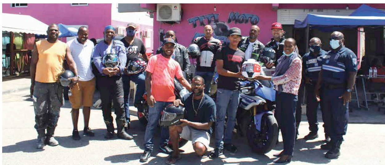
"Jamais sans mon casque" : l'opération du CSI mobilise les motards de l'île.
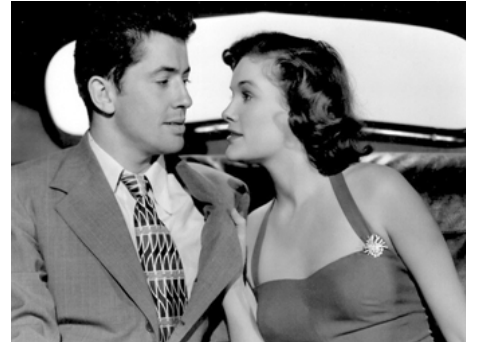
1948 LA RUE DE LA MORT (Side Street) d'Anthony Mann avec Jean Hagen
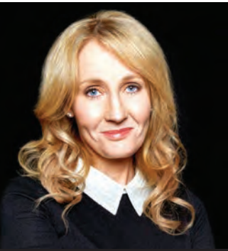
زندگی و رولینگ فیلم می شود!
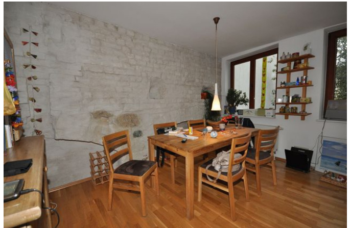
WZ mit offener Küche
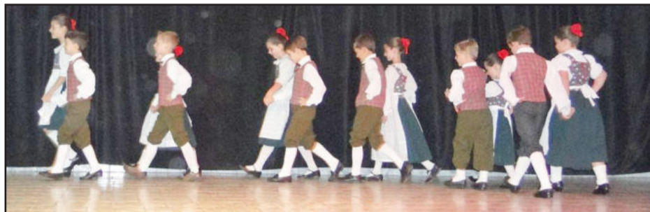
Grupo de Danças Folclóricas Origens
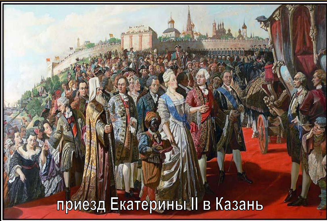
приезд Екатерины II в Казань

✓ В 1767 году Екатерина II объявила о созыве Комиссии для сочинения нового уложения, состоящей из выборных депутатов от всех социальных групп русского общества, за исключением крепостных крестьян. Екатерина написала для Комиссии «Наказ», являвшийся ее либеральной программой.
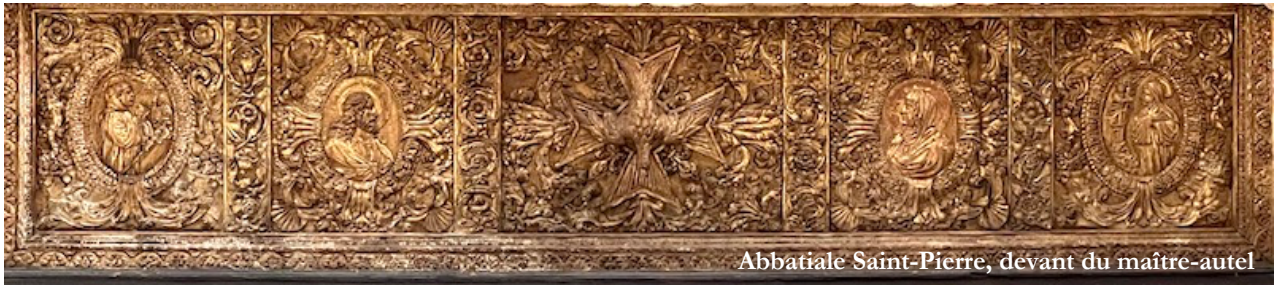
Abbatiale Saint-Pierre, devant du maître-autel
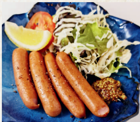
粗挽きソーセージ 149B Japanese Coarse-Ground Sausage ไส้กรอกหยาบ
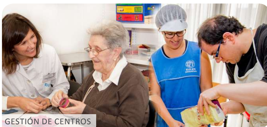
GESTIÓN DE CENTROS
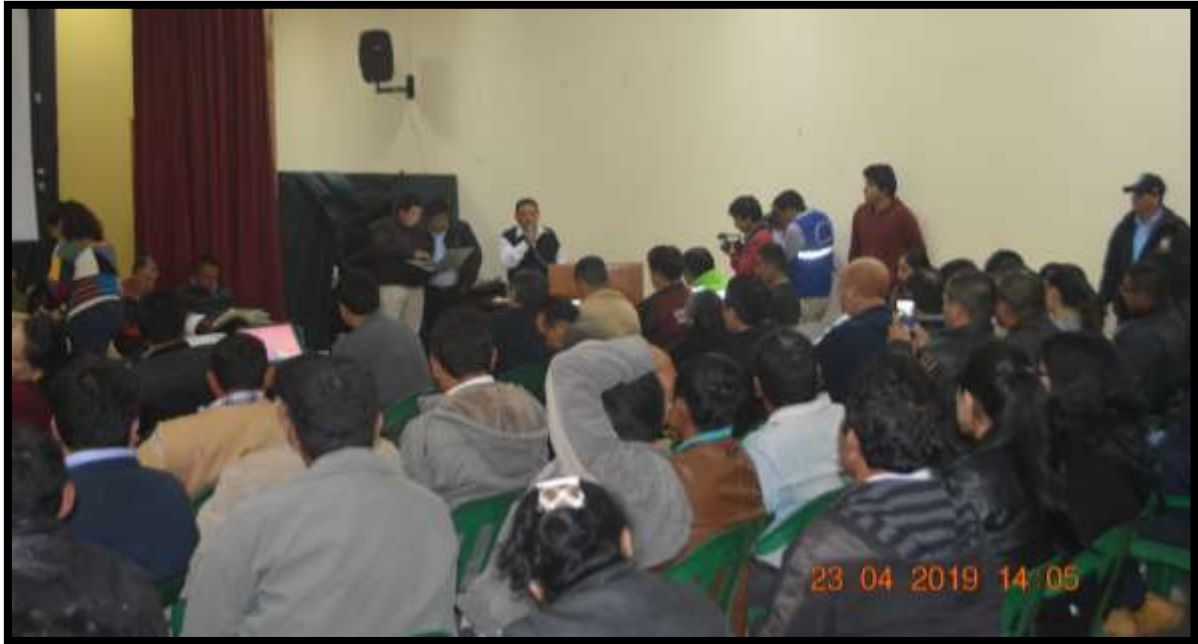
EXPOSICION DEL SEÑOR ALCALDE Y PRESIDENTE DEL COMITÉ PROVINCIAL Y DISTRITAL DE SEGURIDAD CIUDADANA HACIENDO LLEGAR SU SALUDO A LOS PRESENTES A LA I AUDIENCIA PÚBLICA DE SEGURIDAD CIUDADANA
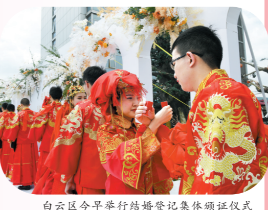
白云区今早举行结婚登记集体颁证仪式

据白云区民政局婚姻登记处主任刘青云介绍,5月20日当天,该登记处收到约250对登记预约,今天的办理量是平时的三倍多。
★ ★ ★ ★ ★ ★ ★
● **PROBLEM STATEMENT**
Give the lines above again exactly, from the one containing "ее либеральной программой." to the one containing "GESTIÓN DE CENTROS", both included, but leave out the pictures.

● **THE COMPLETED TASK**
✓ В 1767 году Екатерина II объявила о созыве Комиссии для сочинения нового уложения, состоящей из выборных депутатов от всех социальных групп русского общества, за исключением крепостных крестьян. Екатерина написала для Комиссии «Наказ», являвшийся ее либеральной программой.
Abbatiale Saint-Pierre, devant du maître-autel
粗挽きソーセージ 149B Japanese Coarse-Ground Sausage ไส้กรอกหยาบ
GESTIÓN DE CENTROS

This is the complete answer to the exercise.